Kısacası bir felaket. Bu gece Moldova ile geçinmeyi umuyorum (sıralamada 158. olsalar bile bu o kadar da belirgin değil) ve Spalletti'nin yerine Claudio Ranieri gibi "güvenli kullanılmış" birinin geçmesini umuyorum, ancak Norveç ile yola çıkma konusundaki tüm bu şaşkınlığın gerçekten yersiz olduğunu tekrarlamak doğru olur. Aynı şekilde, aşağılanmış formadaki bu öfkeli tonlar veya Azzurri'mizin gösterdiği bağlılık eksikliği de ikiyüzlüdür.

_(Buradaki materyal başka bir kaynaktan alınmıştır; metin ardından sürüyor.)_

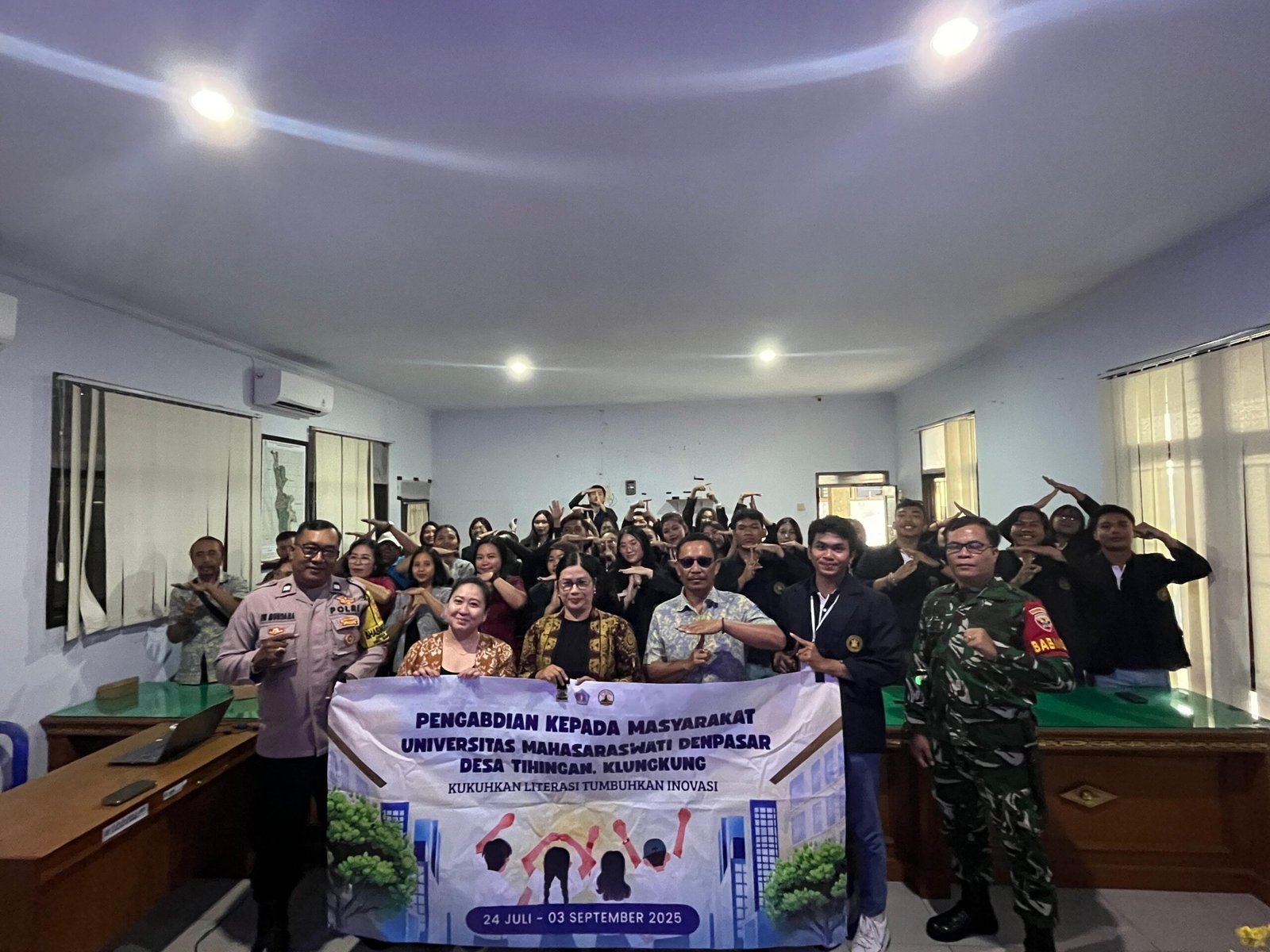 Klungkung,- Aktif dan berupaya optimal untuk memberikan kontribusi dalam berbagai kegiatan di wilayah binaan, Babinsa Tihingan Koramil 1610-02/Banjarangkan Sertu Putu Agustana menghadiri kegiatan pelepasan mahasiswa KKN Universitas Mahasaraswati Denpasar, Selasa ( 26/08/25 )..

Ama neye şaşırıyoruz? Unutulmazların galerisinde kalacak bir defans oyuncusu olmayan Acerbi'nin, bir mesajla çağrıyı nasıl reddettiğini görmedik mi? Ve diğerlerinin hepsinin hangi fiziksel ve zihinsel koşullarda geldiğini görmedik mi? Yarısı tatile, diğeri revir için hazır. Kendini bitkinliğe kadar yiyen bir futbolun gelirini çoğaltmak için taahhütleri çoğaltan çılgın bir programla tükenmiş.
Şimdi: Spalletti işleri berbat etmiş olmalı. Bir şeyler kontrolden çıkmış olmalı. Basit şeyleri belirsiz şeylere dönüştüren her zaman biraz karmaşık belagati ile. Ve hızlı bir şekilde özümsemesi zor olan belirli taktiksel seçimlerden kaçınabilirdi. Ancak Spalletti Norveç'e karşı sahaya çıkmadı. Peki Barella ve arkadaşlarını gördük mü?
Ayağa kalkamadılar, doğru bir dripling bile yapamadılar, orta saha çizgisini geçmeye asla cesaret edemediler. Guardiola veya Ancelotti yedek kulübesinde olsaydı, bir şey değişir miydi? Bu bizim futbolumuz, nevrotik bir sezon ve İtalyan oyuncuların neredeyse istisna olduğu bir şampiyonlukla yıpranmış.
Inter dışında, diğer üst düzey takımlarda onları bir fenerle aramanız gerekir. Özellikle kilit rollerde. İtalyanca konuşmak için sadece Gabbia'nın kaldığı Milan'a bakalım. Milli takım bile sonunda zarar görüyor. Fark yaratan üç dörtlü sakatlık nedeniyle dışarıdaysa, diğerleri uluslararası karşılaştırmalara alışık olmayan ikinci sınıf oyuncular. Ayrıca çok küstahız. Ve sahada Rovella ve Udogi'miz varken, onların şeytan Haland ve Bundesliga'nın mücevheri olan o sarhoş edici yetenek Nusa'sı olduğunu unutuyoruz.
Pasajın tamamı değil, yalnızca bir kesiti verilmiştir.